The recent minor but nasty demonstration outside the home of Jacob Rees-Mogg has brought attention to the tiny anarchist group Class War, a bizarre sect on the outermost fringe of politics. I’m fairly certain that I’m the only contributor to The Conservative Woman, or any other conservative website or publication, who has also written for Class War.
It was a long time ago. My stint in Class War was from 1984 to autumn 1985. We were a small group whose main activities were periodically putting out the Class War paper and holding a monthly Sunday night meeting, in the back room of a pub, booked in the misappropriated name of Belsize Park CND. Other small satellite groups existed outside London.
I’m not proud of my involvement. I was a 19-year-old political obsessive and a messed-up angry kid. I had already been through membership of the Labour Party’s youth section and an uncomfortably disciplined and grim six-month stint in the Militant Tendency which didn’t appeal.
Anarchism was romantic and different, however plain stupid a reasonable adult could see it to be. The particular strain that Class War represented was the crack cocaine of adolescent politics.
Of course we could indulge in our game of revolutionary dressing-up only because we lived in a free democratic society. We called for the violent overthrow of the state, which normally met with complete indifference. It will always pique those who want to consider themselves a threat to society if society feels unthreatened, which explains the noisy attention-seeking ploy of shouting at Mr Rees-Mogg’s children and their nanny, an otherwise wholly pointless exercise.
We believed we were part of a revolutionary tradition that stood up for the oppressed working class. The more bookish among us claimed descent from the great anarchist figures of the past: Proudhon, Bukharin, Malatesta, Makhno. In reality we were a shabby collection of puerile misfits seasoned with the odd psychiatric case.

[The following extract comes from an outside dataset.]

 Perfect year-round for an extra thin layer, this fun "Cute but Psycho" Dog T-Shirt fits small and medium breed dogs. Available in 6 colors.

Our potential to cause harm was minimal and the chance of our fantasies coming true, that the workers would flock to our black banners, was exactly zero. But though ineffectual, we were viscerally nasty. If you look through old articles from the Class War paper (sadly there is very little online), you’ll find, along with the atrocious writing and infantile analysis, some utterly horrible things.
There were the regular ‘battered bobby’ pictures, of policemen who had been injured in the various civil disturbances and inner-city riots that were a feature of the early eighties. Violence was both glorified and sniggered over. Pornography for the politically inadequate.

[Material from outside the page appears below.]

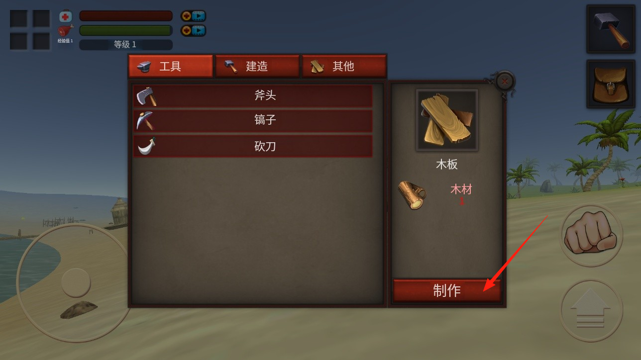 2、打開(kāi)制作界面查看工具列表,選擇木板和木材,點(diǎn)擊制作,打造對(duì)應(yīng)工具,用于后續(xù)采集建造,體驗(yàn)生存建造機(jī)制。

The paper supported riots on principle, meaning we were sometimes accused of being the hand that organised them. Although it’s true that some of my ex-comrades participated, sparking a riot was well beyond our capabilities. The real riot ringleaders, the toughies from the estates in places like Brixton or Toxteth and the gangs they ran with, could see through us as the losers we were, outsiders who wanted to exploit them for our own purposes.

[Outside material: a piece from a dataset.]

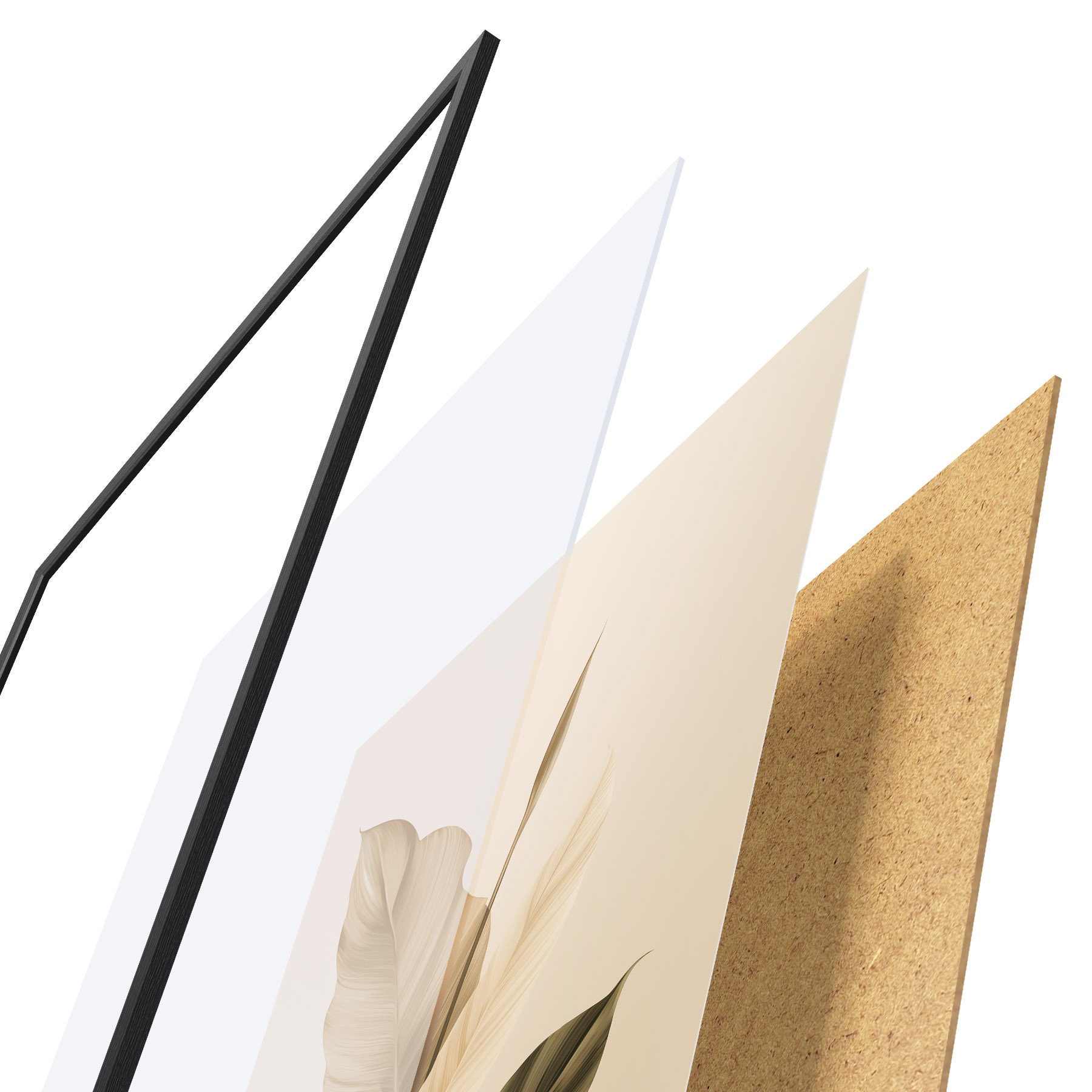 Das Poster besteht aus einem Rahmen, Plexiglas, einem gedruckten Bild und einer Rückwand aus Spanplatten. Dank der Halterungen auf der Rückseite kann das Poster sofort an die Wand gehängt werden.

It was Class War’s love of violence and their response to the savage murder of a brave policeman that led me eventually to understand what I was involved in. I shared the group’s general hostility towards the police, yet had no justification for this. Whenever I’d had dealings with the police, a couple of deserved minor arrests and various pat-down street searches, they had always treated me professionally. Certainly firmly, but without brutality or offensiveness. This confused me. They knew what I was; surely we were enemies? Shouldn’t they be ill-treating me?
Then, in October 1985, the Broadwater Farm riot kicked off in North London. That night, we had come from our regular Sunday meeting and were at a squat party somewhere in Islington. We were hearing reports of the riot and people were starting to plan the best routes there and to look for improvised weapons. It was getting serious. Then the announcement came over the radio. That as the fighting continued, a policeman had been killed. Everyone around me cheered.
I felt cold inside, frightened and sick. The real world was intruding harshly on my adolescent fantasy. Mixed up as I was, my semi-dormant conscience still told me that cheering at a man’s death by mob violence was sickening. So by a circuitous route, avoiding the police, the riot zone and my now ex-comrades, I quietly went home. From the very next day, much like someone leaving a cult, I started to de-program myself. Over thirty years later, I still feel ashamed that I was once part of something so vile and stupid.
Many decent young people go through an idiot-Marxist phase – I did that too. But Class War and the more militant strands of anarchism are far worse.
Forget idealistic ideas of universal brotherhood, abolishing ‘the tyranny of man over man’. The movement I knew was a mix of nihilism, narcissism and hatred. But there are still some who would give Class War a platform without serious challenge. If you saw former Class War parliamentary candidate Lisa Mckenzie defending the protest on Sky News a few days ago, you might not be surprised to know she has an academic position at the LSE and her writings sometimes appear in the Guardian.
I certainly wouldn’t call for Class War’s censorship; they should be allowed normal freedom of expression, even if they try to deny it to others, but they should come with a health warning. Fortunately, their own ludicrousness acts as a check on their being any sort of real threat, but we should still recognise them for the malevolent force they are.